The New Jerusalem Bible:
Ecclesiasticus / Sirach – Chapter 42:22-25
22 How lovely, all his works, how dazzling to the eye! 23 They all live and last for ever, and, whatever the circumstances, all obey. 24 All things go in pairs, by opposites, he has not made anything imperfect: 25 one thing complements the excellence of another. Who could ever grow tired of gazing at his glory?
My poetry has been my therapy over the years. In 1993, an unusual traumatic event occurred with me. Poetry over the years has been my sorting out process. I have always had a strong spiritual nature balanced by strong doubt. During period of tremendous confusion, my poetry (sometimes more like stories my son thinks) helped me remember who I am, how I feel, and what I think and always have from a child.
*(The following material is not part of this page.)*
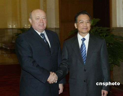中新社北京十一月三日电 (记者 孙宇挺)中国国务院总理温家宝与俄罗斯总理弗拉德科夫今天在人民大会堂举行了中俄总理第十次定期会晤。
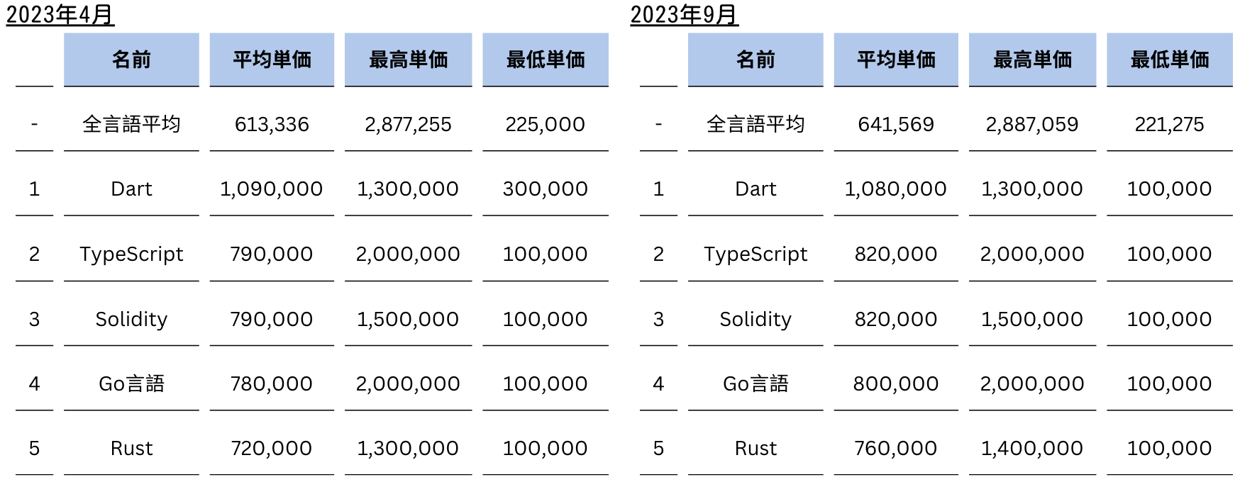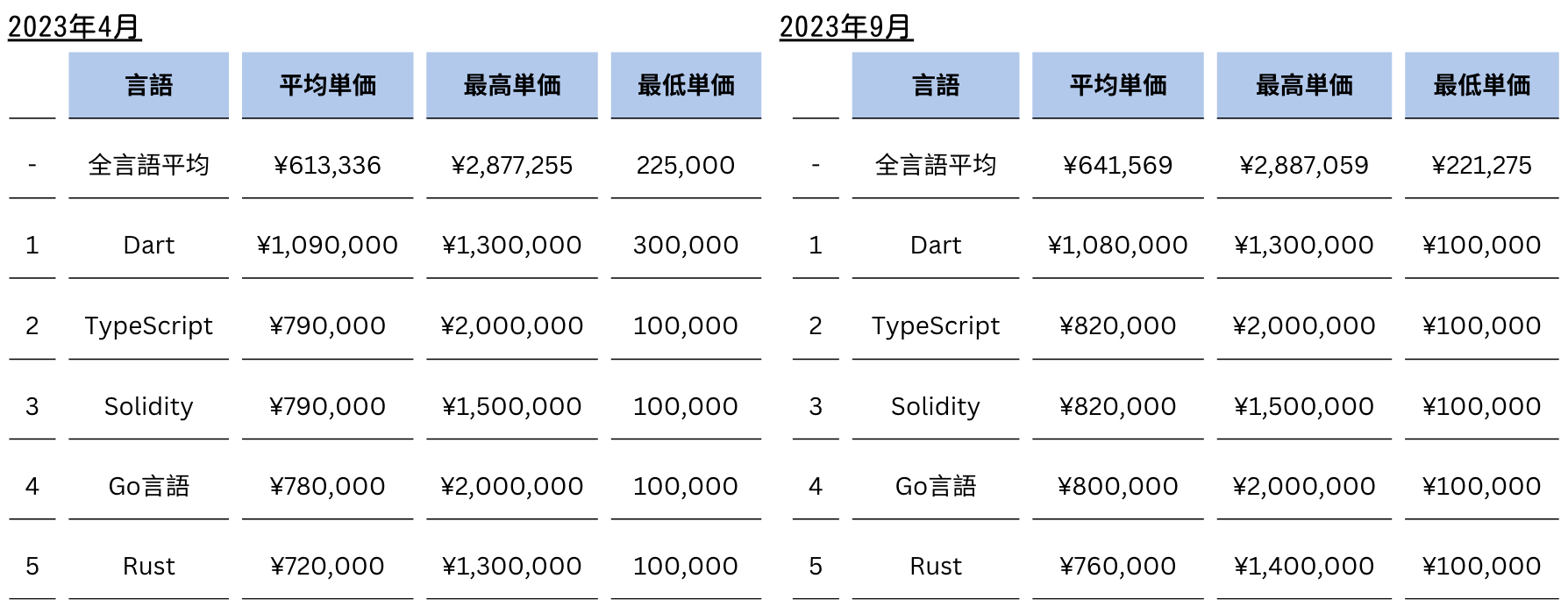 言語ごとの平均単価のランキングでは、2023年4月時点と比較し順位の変動がなかったものの、2位のTypeScriptと3位のSolidityは単価が30,000円増加しています。

The theme I hope comes through is that we should not have our heads too far into the clouds or too deeply into the dirt. Life lives as balance somewhere in the middle with little visits to both edges. All 56 years of my life I have lived in Michigan. I was born in Kalamazoo September 16, 1958. My parents separated when I was young do to my mother’s mental illness. Dad died in 1965 at 29 from a cerebral hemorrhage. I was 6 when he passed. Grandma Peggy (my dad’s mother) went to court 7 times in a year and a half to fight for my younger sister (Kim who was mentally impaired) and me, because my dad had asked her too. She won custody of us. So, I lived with her in Bangor, Michigan through high school and college. I didn’t begin to write poetry until I went to live with my aunt (my mother’s sister) in Wartervliet, Michigan while attending Lake Michigan College in Benton Harbor. My aunt lived near my mother and her mother (my Grandma Elsie). After 2 years there, I attended Western Michigan University in Kalamazoo. I graduated with a Bachelor of Arts major in English and minor in Elementary Education. Right out of college fall of 1984 I was hired at St. Mary’s in Paw Paw, Michigan as a kindergarten teacher. I taught kindergarten for 1 year half days and was moved into a full-time first grade position for three years. I met my husband Gary during that time. On October 17, 1987, we married and I moved to Fennville, Michigan where I still live. Gary and I have a son age 24 and a daughter age 19.